Man hides cash in oven; cash gets baked by accident
One man probably has learned a costly lesson about where
he hides his cash.
The unidentified father from Sydney, Australia, sold his
car last weekend. The $15,000 (approximately $15,652 in U.S. dollars) in
proceeds was earmarked for his mortgage payment and other bills, according to Australian
media. Opting not to squirrel away the loot in a mattress or bury it in his
backyard, he decided to hide it his oven, which rarely gets used.
Bad move: Turns out, his wife decided to use the oven
that day, preheating it for chicken nuggets for their two children and, yes,
cooked the cash.
"It was everything I had," he told the news
station. "I've got nothing to my name. That money was supposed to go
towards my mortgage."
His wife was equally distraught and, reportedly, could
not stop crying when telling her husband after she discovered what happened:
The cash was baked into a colorful burnt mess.

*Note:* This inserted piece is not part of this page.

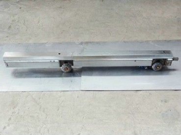 89補口機的車體由多節(jié)車身組成,其特征在于:所述行走機構(gòu)包括行走電機、傳動機構(gòu)、至少一對主動輪和一對從動輪,在車體后部的至少一節(jié)車身的一端安裝有滾輪支架,每對從動輪安裝在相應(yīng)的滾輪支架的兩側(cè),相鄰兩節(jié)車身之間通過連接軸連接,每個所述滾輪支架均由左、右支架組成,滾輪支架的外形高度和寬度均小于車體的直徑,在左、右支架的下部內(nèi)側(cè)各安裝有軸承,在軸承上安裝有從動軸,在左右支架的外側(cè)各安裝有一輪軸連接套,所述輪軸連接套的一端連接所述從動軸,另一端連接從動輪;所述主動輪安裝在車體前部并由行走電機和傳動機構(gòu)傳動,每對主動輪分別經(jīng)輪軸連接套與主動軸的兩端連接;所述傳動機構(gòu)包括電機連接套、減速機殼、渦輪和渦桿,所述主動軸通過軸承支撐在減速機殼上,主動軸上固裝有渦輪,渦輪與蝸桿嚙合,蝸桿通過軸承支撐在減速機殼上并通過電機連接套與行走電機相連。
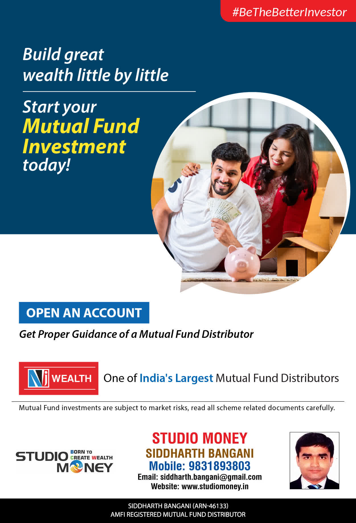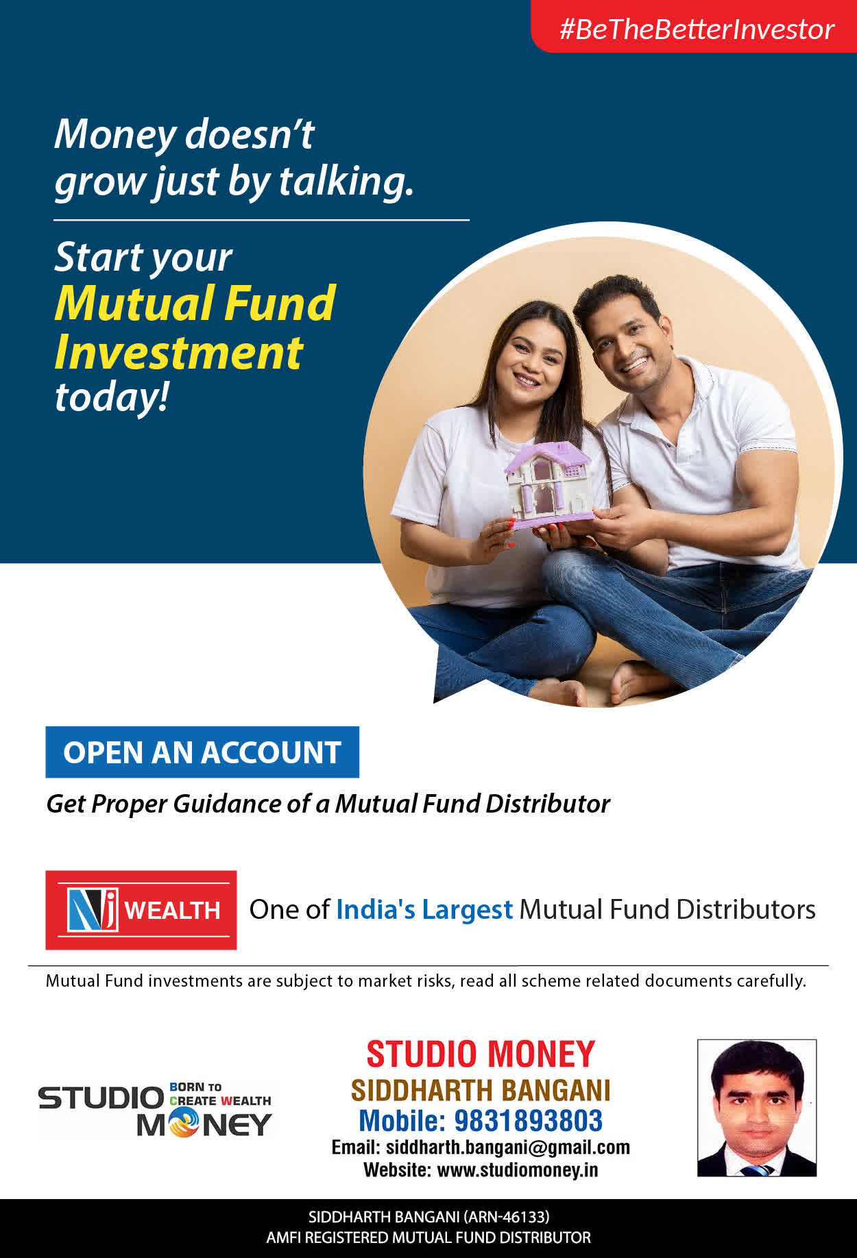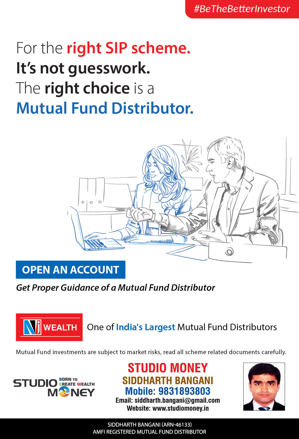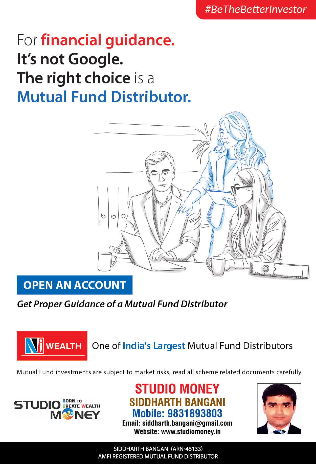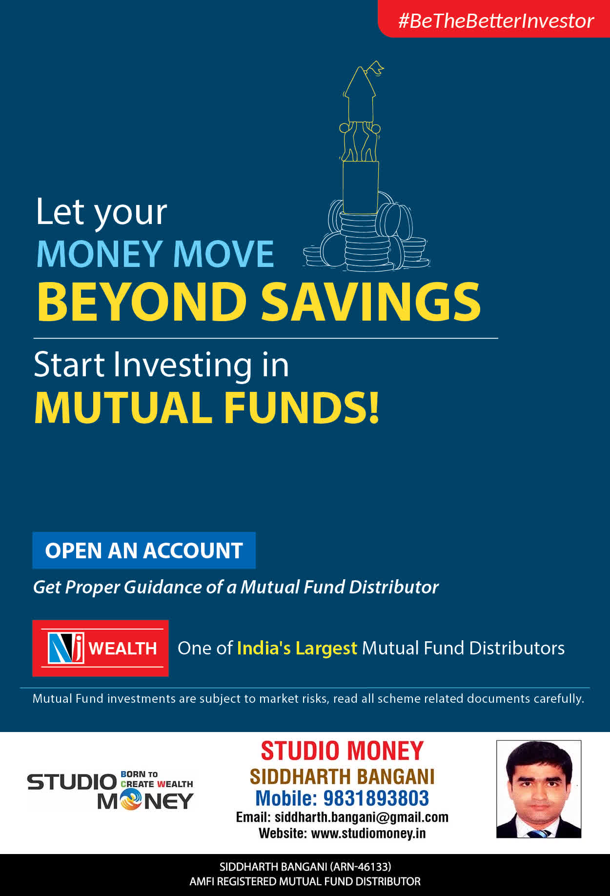 At STUDIO MONEY, our mission is to provide our clients with the comprehensive, competent, customised and classy best solutions in wealth creation and wealth management areas. We are driven to provide clients with simple, unbiased and uncluttered professional advice that adds value to their quality of life and results in actionable solutions.

The man reached out to his lender and the Reserve Bank of
Australia for help.
The Reserve Bank advises people to take damaged currency
to a bank. According to the Reserve Bank policy, "if several pieces of the
same banknote are presented, the Reserve Bank's policy is for each piece to be
worth a share of the value in proportion to its size... The combined value paid
should be the face value of the original banknote."